2nd Vice-Chancellor of Darul Uloom Deoband
- In office 1867 to 1869
- Preceded by: Sayyid Muhammad Abid
- Succeeded by: Sayyid Muhammad Abid

4th Vice-Chancellor of Darul Uloom Deoband
- In office 1871 to 1888
- Preceded by: Sayyid Muhammad Abid
- Succeeded by: Sayyid Muhammad Abid

Personal details
- Born: 28 December 1836 Deoband, Saharanpur district, North-Western Provinces
- Died: 22 January 1891 (aged 54) Medina, Hejaz Vilayet, Ottoman Empire
- Resting place: Jannat al-Baqīʿ

Religious life
- Religion: Islam
- Denomination: Sunni Hanafi
- Movement: Deobandi

= Rafiuddin Deobandi =

Indian Muslim scholar

Rafiuddin Deobandi (1836–1891) was an Indian Muslim scholar, Sufi shaykh, and administrator who served twice as the Vice-Chancellor of Darul Uloom Deoband, holding the office for approximately nineteen years. He was an authorised disciple of Abdul Ghani Mujaddidi Dehlavi in Sufism and later migrated to Medina, where he died in 1890.

== Biography ==
Rafiuddin Deobandi was born in Deoband on 19 Ramadan 1252 AH (28 December 1836 CE). His father, Fariduddin Deobandi, was a religious scholar associated with the Usmani family of Deoband and was a khalifa (authorized disciple) of Sayyid Ahmad Barelvi.

Although he did not complete a formal course of study at a traditional seminary, he possessed substantial knowledge of Persian and Islamic sciences.

In Sufism, he was a khalifa of Abdul Ghani Mujaddidi Dehlavi (d. 1878), who was also a teacher of Rashid Ahmad Gangohi and Muhammad Qasim Nanautavi. He also benefited from Imdadullah Muhajir Makki in spiritual matters. Among his authorised disciples were Aziz-ul-Rahman Usmani, while Murtaza Hasan Chandpuri was among those associated with him as a spiritual adherent.

He served twice as the Vice-Chancellor of Darul Uloom Deoband. In 1284 AH (1867 CE), he assumed the office when Sayyid Muhammad Abid departed for the Hajj pilgrimage. In 1286 AH (1869 CE), Rafiuddin himself left for Hajj and the administration was handed back to Sayyid Muhammad Abid. Approximately three years later, in 1288 AH (1871 CE), he was reappointed Vice-Chancellor after Sayyid Muhammad Abid became occupied with the construction of the Jami Masjid of Deoband and other engagements.
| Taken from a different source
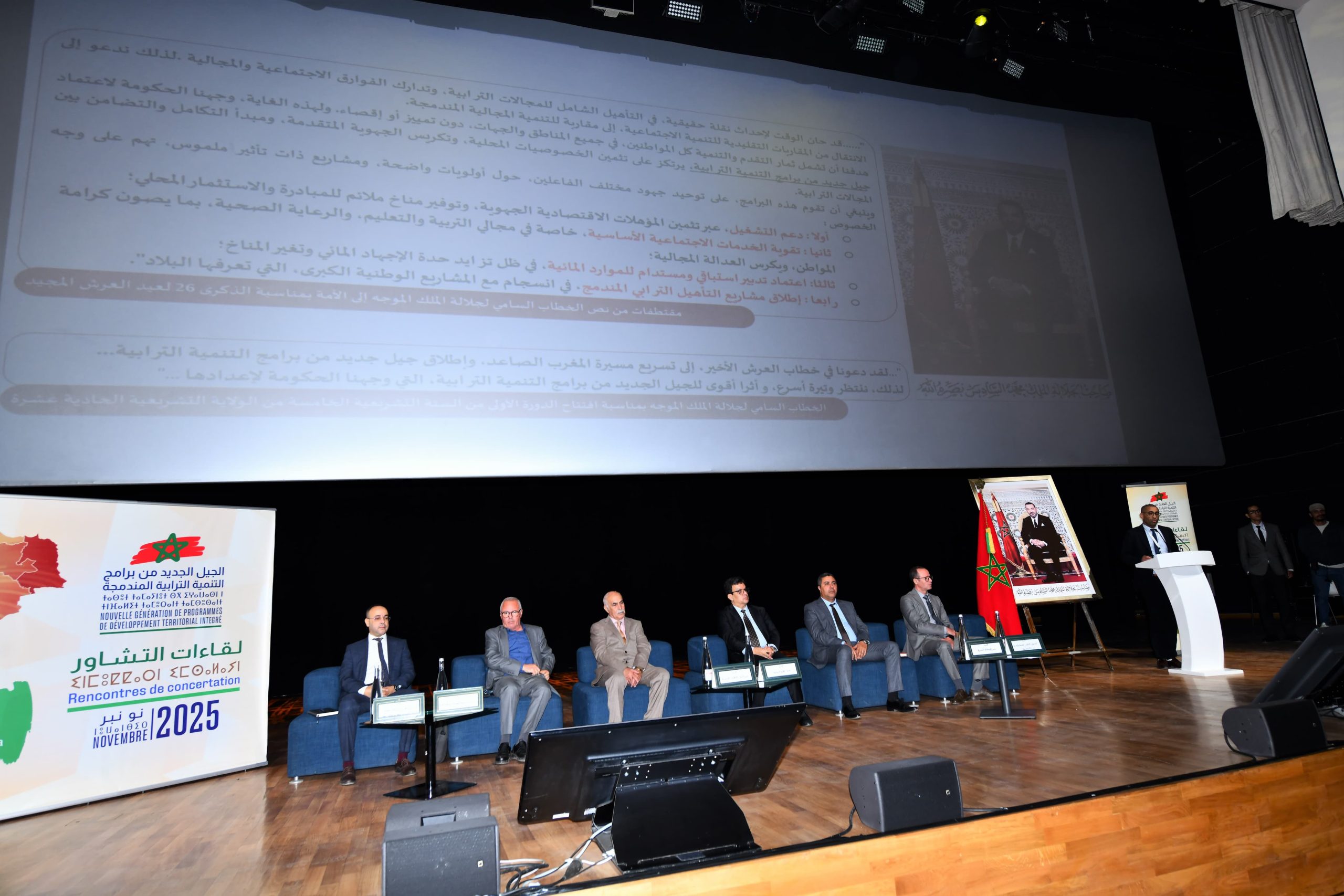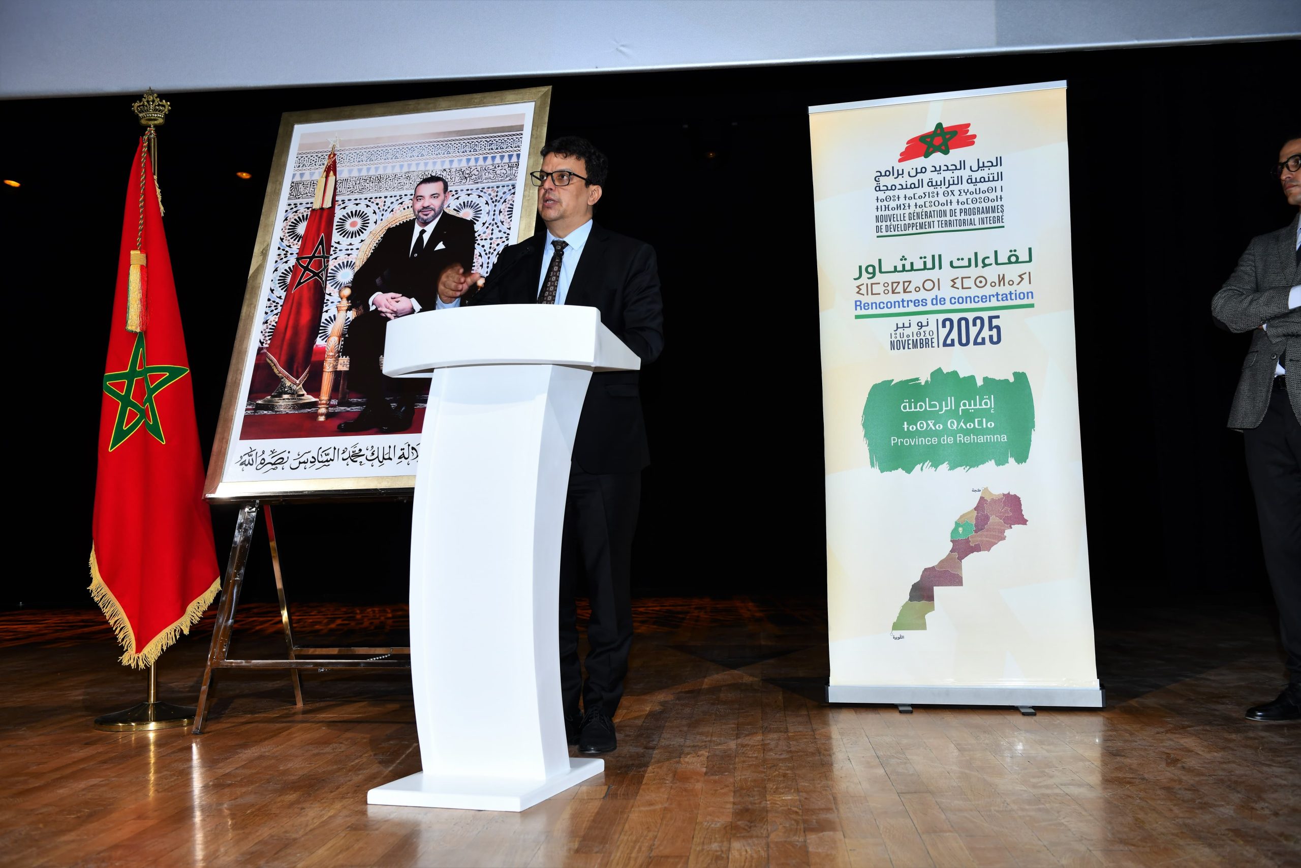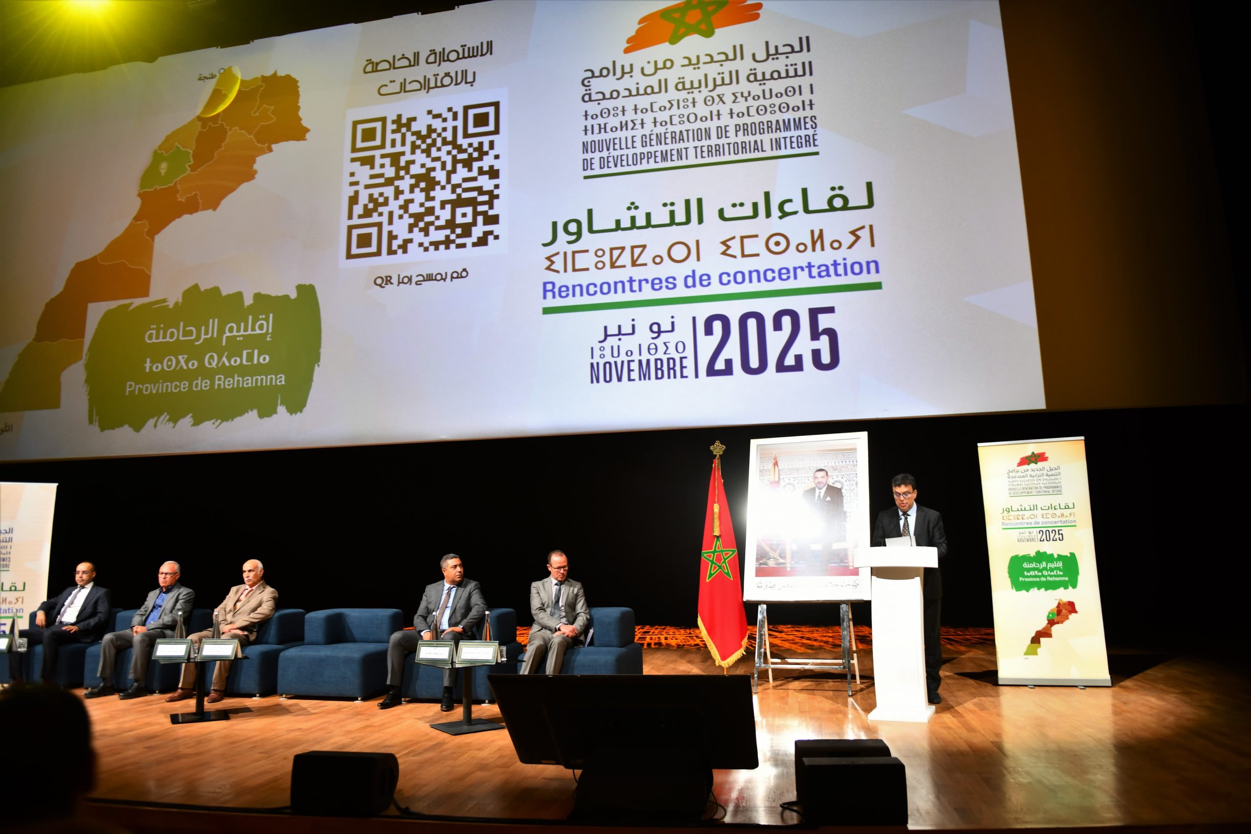 في إطار الدينامية الوطنية التي أطلقها صاحب الجلالة الملك محمد السادس نصره الله وأيده، والرامية إلى إعداد جيل جديد من برامج التنمية الترابية المندمجة، نظمت عمالة إقليم الرحامنة، بمدرج ابن رشد بجامعة محمد السادس متعددة التخصصات بابن جرير، يوم الثلاثاء 11 نونبر 2025 ابتداءً من الساعة التاسعة صباحاً، لقاءً تشاورياً موسعاً ترأسه السيد عزيز بوينيان، عامل الإقليم، بحضور ما يفوق 1000 مشارك من مختلف الفئات والهيئات المنتخبة، والسلطات المحلية، والمصالح اللاممركزة، والأكاديميين والخبراء، والفاعلين الاقتصاديين، وممثلي المقاولات الخاصة، والمجتمع المدني، إضافة إلى تلميذات وتلاميذ المؤسسات التعليمية والتكوين المهني.
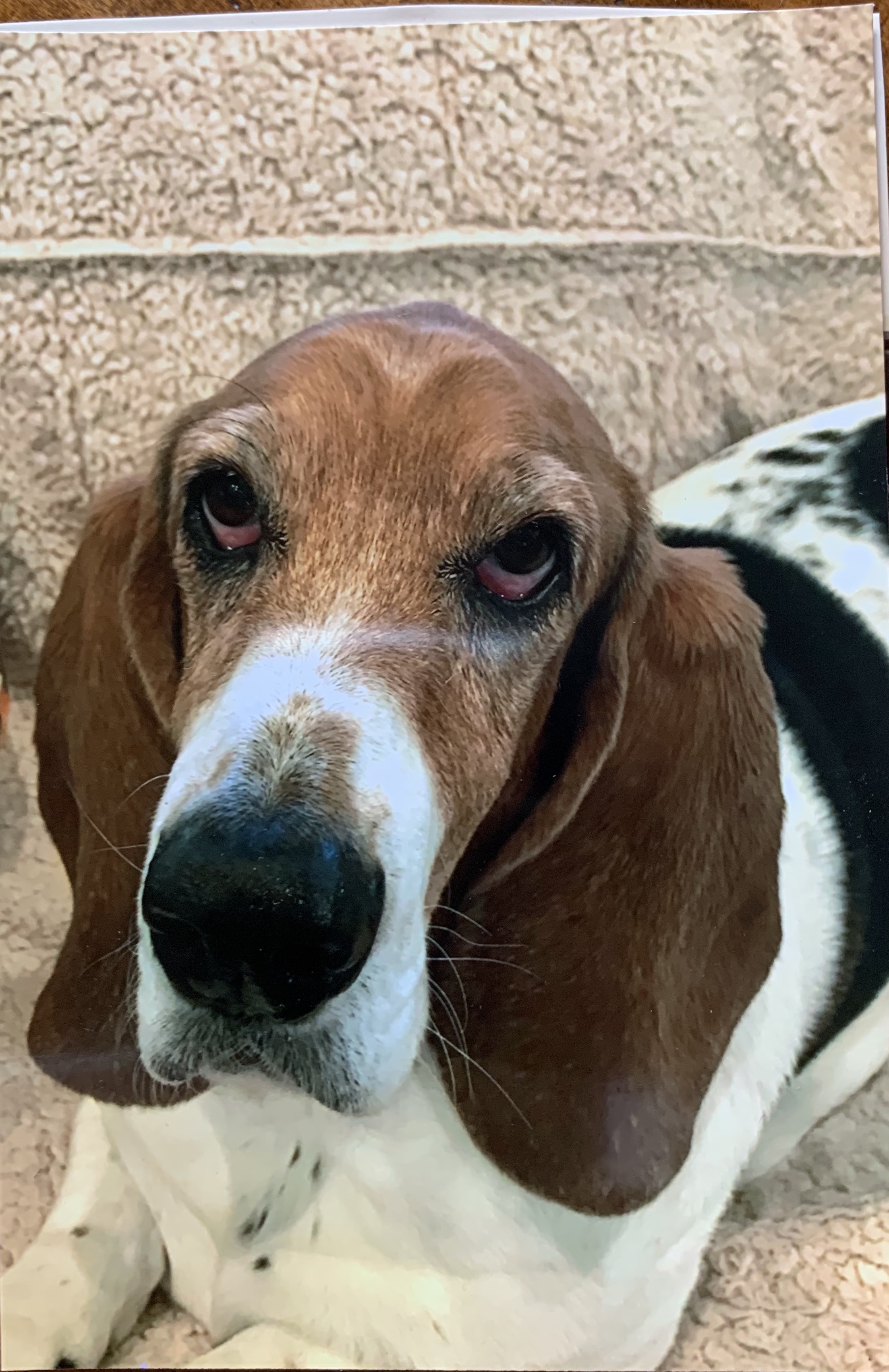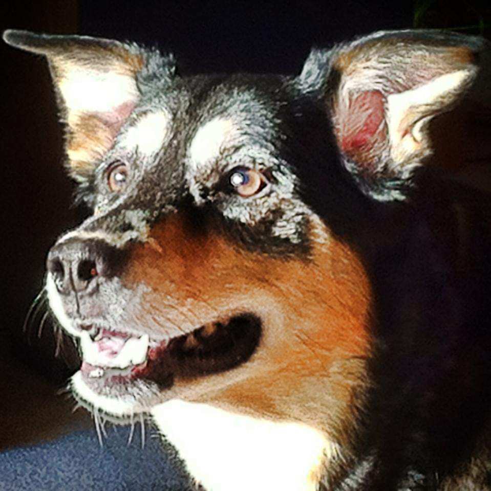 Painting of Kali, a tri-colored dog with dark grey, brown, and white fur.

He remained in office until 1306 AH (1888 CE), serving in the position for about nineteen years in total.

Several of the early buildings of Darul Uloom Deoband were constructed during his tenure as Vice-Chancellor. Among them was the institution's first building, known as Naw Darah. Its foundation stone was laid on 2 Dhu al-Hijjah 1292 AH (31 December 1875 CE) by Ahmad Ali Saharanpuri, Muhammad Qasim Nanautavi, Rashid Ahmad Gangohi, and Muhammad Mazhar Nanautawi, and the building was completed during Rafiuddin's administration after approximately eight years of construction.

A different account is recorded in Arwah-i Thalatha, according to which the foundation stone was laid by Mianji Munne Shah Deobandi, Sayyid Muhammad Abid Deobandi, Rashid Ahmad Gangohi, and Muhammad Qasim Nanautawi. (Note: Commenting on this discrepancy, a note in Sawanih-e-Qasmi states that the narrative preserved in the institutional records differs considerably from the later oral report recorded in Arwah-i Thalatha. The note argues that, from a historiographical perspective, a written contemporary record carries greater evidentiary weight than a transmission based on oral recollection. It further suggests a possible reconciliation between the two accounts by interpreting precedence in a relative rather than literal sense, proposing that Mianji Munne Shah may have been regarded as foremost in a spiritual capacity, while Ahmad Ali Saharanpuri was foremost among the scholars and Sayyid Muhammad Abid among the members of the consultative council (majlis-e-shura).)

According to Muhammad Tayyib Qasmi, Rafiuddin played a significant role in the intellectual and spiritual development of Darul Uloom Deoband alongside Muhammad Qasim Nanautavi and Rashid Ahmad Gangohi.

In 1306 AH (1888 CE), he migrated to the Harmain Sharifain. He stayed in Mecca for several months before moving to Medina, where he died on 12 Jumada al-Thani 1308 AH (22 January 1891 CE) and was buried in Jannat al-Baqi.